Assigned task: Scan the records below for the line containing "夏の思い出をまとめて収納する" and the line containing "- Skambino mano". Copy both, plus every line between, exactly.

Data for the task:

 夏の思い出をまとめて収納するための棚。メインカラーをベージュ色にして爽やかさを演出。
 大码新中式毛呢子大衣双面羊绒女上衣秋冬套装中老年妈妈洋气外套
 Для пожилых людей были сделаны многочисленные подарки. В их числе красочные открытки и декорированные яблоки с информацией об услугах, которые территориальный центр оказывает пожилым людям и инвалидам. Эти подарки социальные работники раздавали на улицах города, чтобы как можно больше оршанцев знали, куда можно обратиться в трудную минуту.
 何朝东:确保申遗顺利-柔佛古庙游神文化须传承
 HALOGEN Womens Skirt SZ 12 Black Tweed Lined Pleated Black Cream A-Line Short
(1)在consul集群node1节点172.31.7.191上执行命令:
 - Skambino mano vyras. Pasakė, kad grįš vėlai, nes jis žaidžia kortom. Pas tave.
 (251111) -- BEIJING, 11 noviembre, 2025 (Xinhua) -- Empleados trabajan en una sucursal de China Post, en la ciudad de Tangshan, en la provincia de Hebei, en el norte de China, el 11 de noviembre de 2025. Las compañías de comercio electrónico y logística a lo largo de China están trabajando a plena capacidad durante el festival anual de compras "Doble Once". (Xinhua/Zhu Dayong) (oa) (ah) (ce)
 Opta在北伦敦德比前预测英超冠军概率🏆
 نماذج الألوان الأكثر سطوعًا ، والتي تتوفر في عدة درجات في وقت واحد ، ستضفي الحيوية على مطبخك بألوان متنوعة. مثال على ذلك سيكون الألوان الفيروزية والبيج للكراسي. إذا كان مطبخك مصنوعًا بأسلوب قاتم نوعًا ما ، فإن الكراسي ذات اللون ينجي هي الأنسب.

--

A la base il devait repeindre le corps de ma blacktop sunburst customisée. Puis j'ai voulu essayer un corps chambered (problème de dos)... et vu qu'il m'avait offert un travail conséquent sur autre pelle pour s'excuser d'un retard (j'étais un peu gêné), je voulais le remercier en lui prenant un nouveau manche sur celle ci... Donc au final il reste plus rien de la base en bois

Answer box:
 夏の思い出をまとめて収納するための棚。メインカラーをベージュ色にして爽やかさを演出。
 大码新中式毛呢子大衣双面羊绒女上衣秋冬套装中老年妈妈洋气外套
 Для пожилых людей были сделаны многочисленные подарки. В их числе красочные открытки и декорированные яблоки с информацией об услугах, которые территориальный центр оказывает пожилым людям и инвалидам. Эти подарки социальные работники раздавали на улицах города, чтобы как можно больше оршанцев знали, куда можно обратиться в трудную минуту.
 何朝东:确保申遗顺利-柔佛古庙游神文化须传承
 HALOGEN Womens Skirt SZ 12 Black Tweed Lined Pleated Black Cream A-Line Short
(1)在consul集群node1节点172.31.7.191上执行命令:
 - Skambino mano vyras. Pasakė, kad grįš vėlai, nes jis žaidžia kortom. Pas tave.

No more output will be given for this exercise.